Euripides plays off the Aeschylean tradition of Orestes’ madness to make a similar point. The Aeschylean Orestes was driven mad by his fear of real, objective Furies (Libation Bearers 1448-50). For Euripides’ Orestes, however, the Furies are imaginary; as Electra tells him, ‘‘You see none of the things you think you’re so clear about’’ (259). Orestes himself believes that he has been driven mad by the ‘‘consciousness’’ of his crime (sunesis, 396), but the chorus describes Orestes’ murder of his mother as itself an act of madness, ‘‘the delusion of wrong-thinking men’’ (kakophronOn ... andrOn paranoia, 824). Indeed, delusion has long been Orestes’ companion: he admits to uncertainty that it was Apollo who ordered the matricide, as opposed to one of his own (private) demons (1668-69).

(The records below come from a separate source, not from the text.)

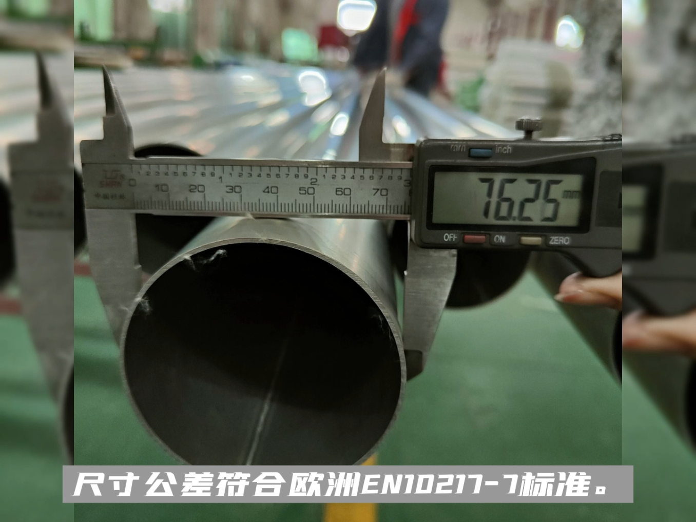讓我們看看恒合信公司的TP304L不銹鋼管,尺寸76.1x1.6mm。
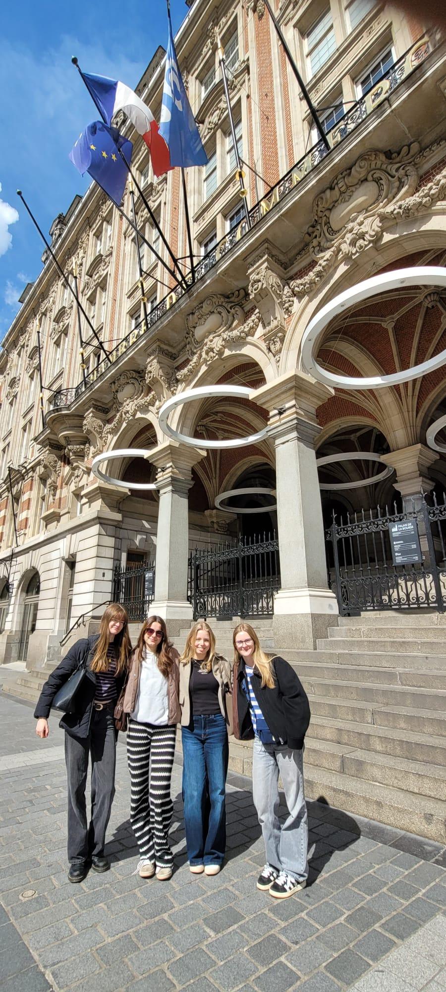 Bei strahlendem Sonnenschein sind Nina, Ella, Angelica und Marie (alle Q1) am Sonntag in der nordfranzösischen Metropole Lille und anschließend in Mouvaux angekommen. Vermittelt vom Städtepartnerschaftsverein Neukirchen-Vluyn e.V. absolvieren sie einwöchige Praktika im Kulturamt unserer Partnerstadt, in einem Anwaltsbüro, einer Zeitarbeitsfirma und einer Werbeagentur. Die Praktika sind ein wichtiger Baustein für das JSG als Europaschule in NRW.
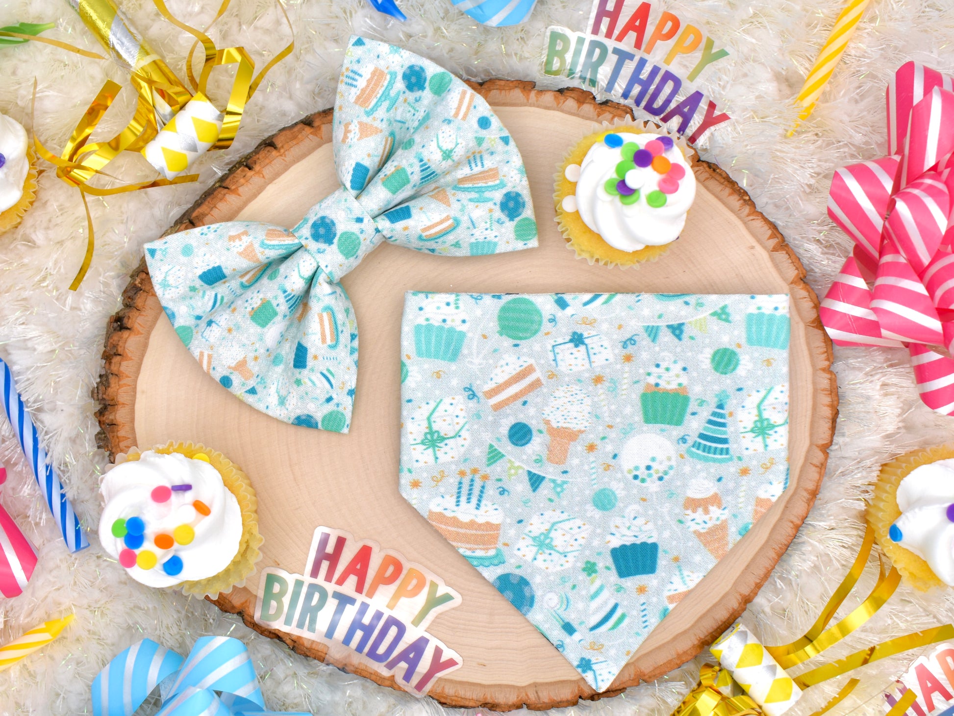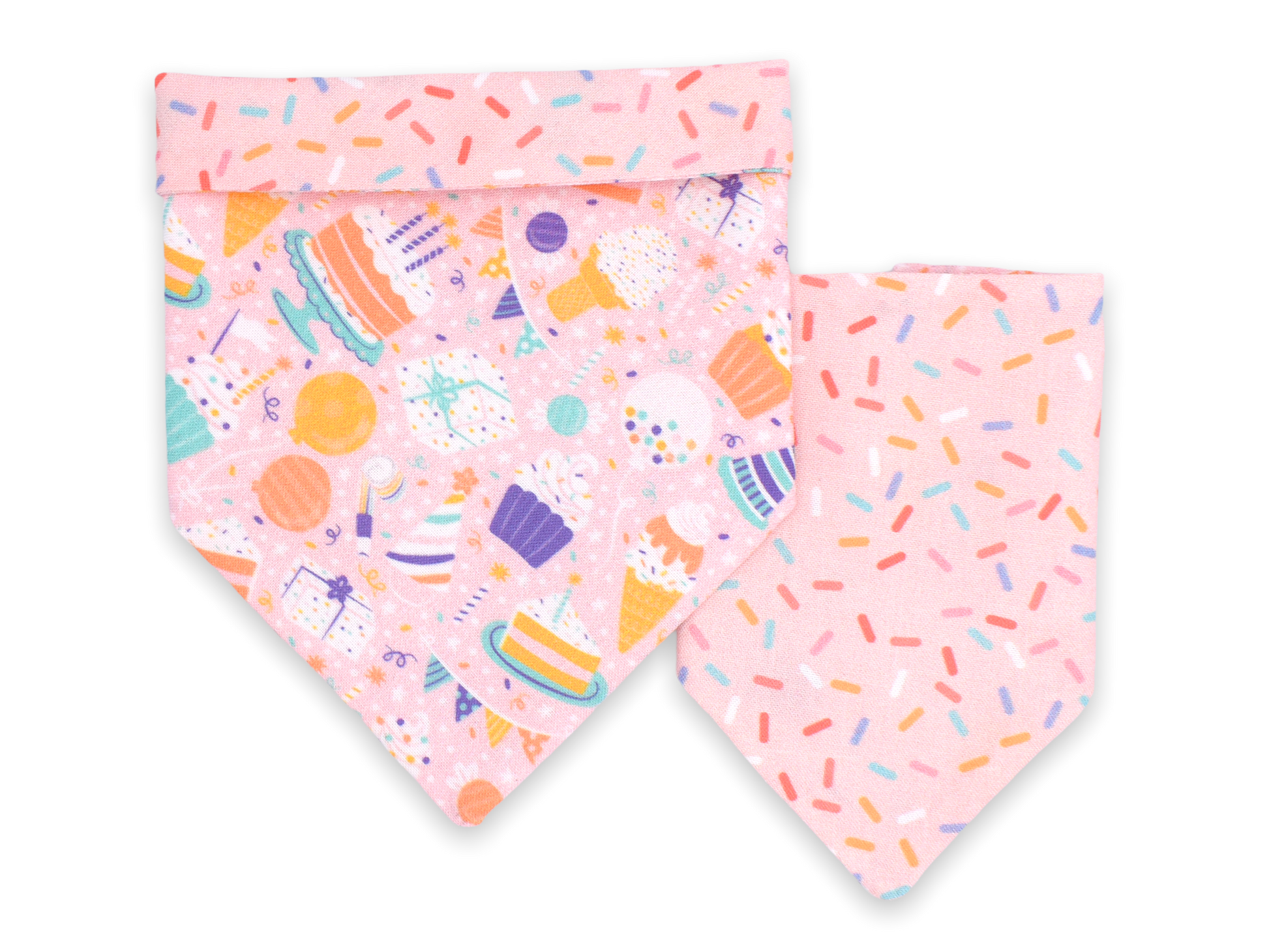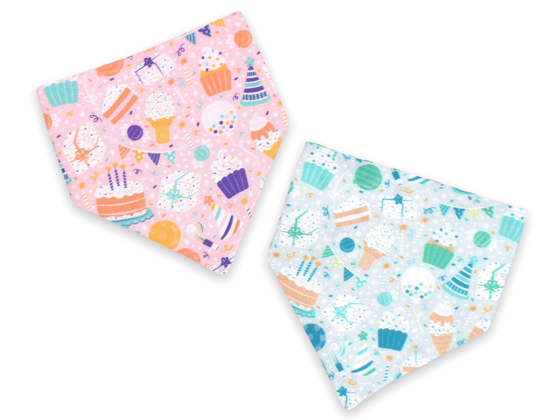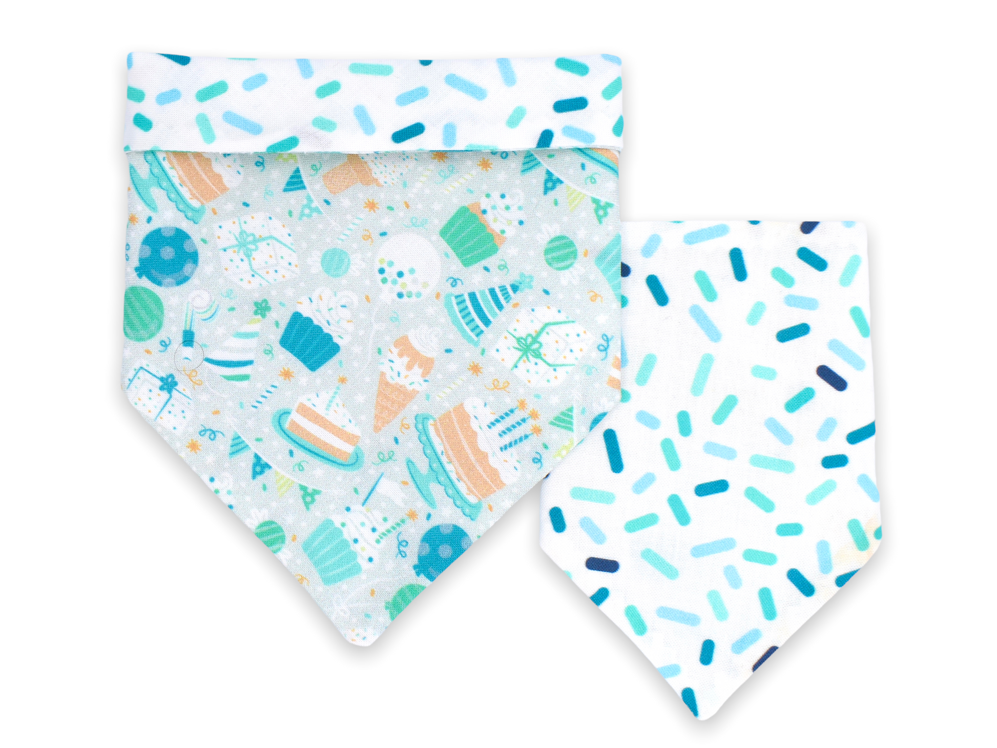 This style is dual-sided with a collar or theme-coordinated pattern on the reverse side, offering a two-for-one style option! This style can be worn by slipping your pet’s collar through the openings at the top of the bandana, and then clipping the collar around your pet’s neck. This style requires a collar for wear.

Not for the first time, Euripides’ interpretation of a myth has been influenced by contemporary thought. The Hippocratics denied that illnesses such as epilepsy were divinely caused (On the Sacred Disease 1), and in Orestes Euripides experiments with a similar explanation for his hero’s madness. Despite this striking innovation, the play remains faithful to the literary tradition in one crucial respect. It keeps returning to a fundamental aspect of Orestes’ situation that was already articulated in Libation Bearers (930, 1016-17): the fact that killing his mother was at once right and wrong (Orestes 194, 546-47, 819, 824). Driven by his demons, Orestes wanders so far from his mythical destiny that Apollo must intervene to bring him back.
It does not follow, however, that Euripides is out to demonstrate the bankruptcy of the tradition.
Throughout the fifth century tragedy was a ‘‘living and changing genre’’ (Mastro-narde 1999-2000, 27). Phrynichus, Aeschylus, and Sophocles introduced major changes (plays on historical subjects, the addition of the second actor, the addition of the third actor); Euripides made innovations on a smaller scale that have impressed some critics as cumulatively leading to a radical change of direction. This view does not, however, factor in the playwright’s reputation up to the nineteenth century, the distortions produced by relying on Aristophanes, the range of Aeschylean and Sophoclean tragedy as suggested by their fragments, and the conservative aspects of Euripides’ own work. The account I have sketched of Euripidean drama suggests a playwright who did not hesitate to introduce contemporary topics into his plays and to make variations on theatrical conventions, but who never ceased to respect and cherish the tragic tradition that he inherited and also did so much to shape. We would be well advised to follow the lead of Euripides’ own contemporaries, including Aristophanes, and to take all three dramatists into account when defining the range of Attic tragedy - a genre that is characterized (as Wilamowitz knew) by its fundamental seriousness, and that is sturdy and flexible enough to accommodate Aeschylus’ Eumenides and Euripides’ Orestes as well as Sophocles’ Oedipus the King.